Network Congestion Part 3: Packet Loss and the Impact on Network Performance
In part one of this series I discussed network congestion inside a private network and in part two, congestion across the Internet. In this month’s installment I will discuss packet loss and the impact this has on network performance.
What is “packet loss”? A packet is, to put it simply, an envelope of data. Let’s say you are sending an email to a friend. To make it possible to send the message the data is converted into a format called MIME (Multipurpose Internet Mail Extensions), a standardized character set capable of being sent across the Internet. Once the message has been converted it is broken up into small pieces (packets), which the Internet can transmit to your (or your ISP’s), mail server. Packet loss, then, is merely the loss or corruption of these blocks or “packets” of data.
When packets are lost or corrupt they have to be resent. Each packet is assigned a calculated value as it is sent and that value goes along for the ride to the packet’s final destination. At the other end the packet’s value is recalculated and the first value assigned is verified against the new value. If these match the packet is considered good and it is saved. If not, a request to resend the bad packet is sent back to the transmitter and the packet is sent again. The process repeats until all packets are present, accounted for and correct.
So why care about packet loss? The most basic of answers is that is takes more time to resend a packet that is deemed bad, making your connection look saturated. If you have a lot of packet loss you could be looking at a great deal more time transferring information. Generally speaking up to 1% loss isn’t too bad, but it’s best to at least try to get as close to 0% as possible. This is guideline we use at Skyway West.
How to Test For Packet Loss
The easiest way to test for packet loss is to use our old friends ping and traceroute. You may remember these tools from last month’s article. I will be performing similar tasks here. Before I begin though I want to discuss the two most likely places you might expect to find packet loss:
1. Your network: Every cable and every device connected by cables on your network is susceptible to packet loss at some point in its life. Cables can wear and/or can be damaged over time. Most electronics have a life span of up to 6 years.

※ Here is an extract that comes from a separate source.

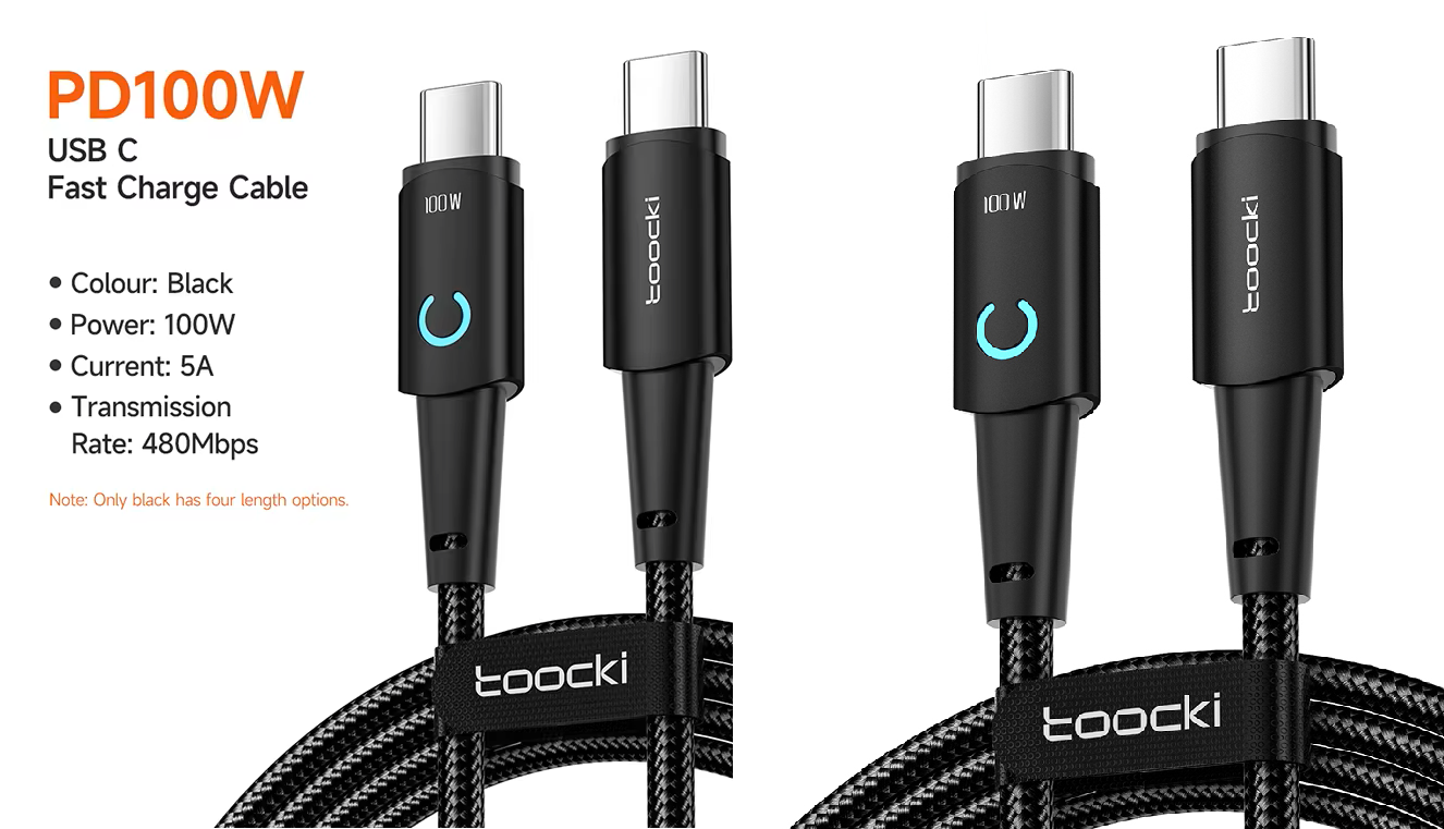 Lot de 2 Câbles USB Toocki Type-C / Type-C 2 m 100w

2. The Internet: As above, every cable and every piece of hardware from your ISP’s network to those across the entire Internet are also susceptible to packet loss. While failures do occur, most reliable ISPs monitor their networks so resolution of these kind of problems usually happens quickly. Packet loss can also occur as a result of large volumes of Internet traffic.

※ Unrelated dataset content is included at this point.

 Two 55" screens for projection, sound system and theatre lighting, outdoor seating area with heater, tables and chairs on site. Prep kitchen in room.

Testing Your Own Network for Packet Loss
To test for packet loss we first start by looking at our own network. In the first post of this series I spoke to you about testing your network for saturation. Pinging the devices in your network (assuming they are reachable and not being blocked by a software firewall) is a good indicator of loss on your network. Remember to also try pinging your network gateway. The following is an example of a healthy response:
Ping 192.168.1.1
Pinging 192.168.1.1 with 32 bytes of data:
Reply from 192.168.1.1: bytes=32 time<1ms TTL=64
Reply from 192.168.1.1: bytes=32 time<1ms TTL=64
Reply from 192.168.1.1: bytes=32 time<1ms TTL=64
Reply from 192.168.1.1: bytes=32 time<1ms TTL=64
Ping statistics for 192.168.1.1:
Packets: Sent = 4, Received = 4, Lost = 0 (0% loss),
Approximate round trip times in milli-seconds:
Minimum = 0ms, Maximum = 0ms, Average = 0ms
Responses that look like this might be an indicator of something wrong.
Reply from 192.168.1.22: bytes=32 time<1ms TTL=64
Reply from 192.168.1.22: Destination host unreachable (emphasis added)
Reply from 192.168.1.22: bytes=32 time<1ms TTL=64
Reply from 192.168.1.22: bytes=32 time<1ms TTL=64
The above could just meant the device on this IP is too busy to respond (which is a whole other kettle of fish – See part one of this series). It could also mean that something is wearing out or has been damaged or has a programming issue. The example below, however, indicates a definite problem:
Reply from 192.168.1.22: Destination host unreachable
Reply from 192.168.1.22: Destination host unreachable
Reply from 192.168.1.22: Destination host unreachable
Reply from 192.168.1.22: Destination host unreachable
Again this could be a firewall or programming issue, but if, after verifying these things and confirming you are checking the correct IP address, you are most likely left with a packet loss problem.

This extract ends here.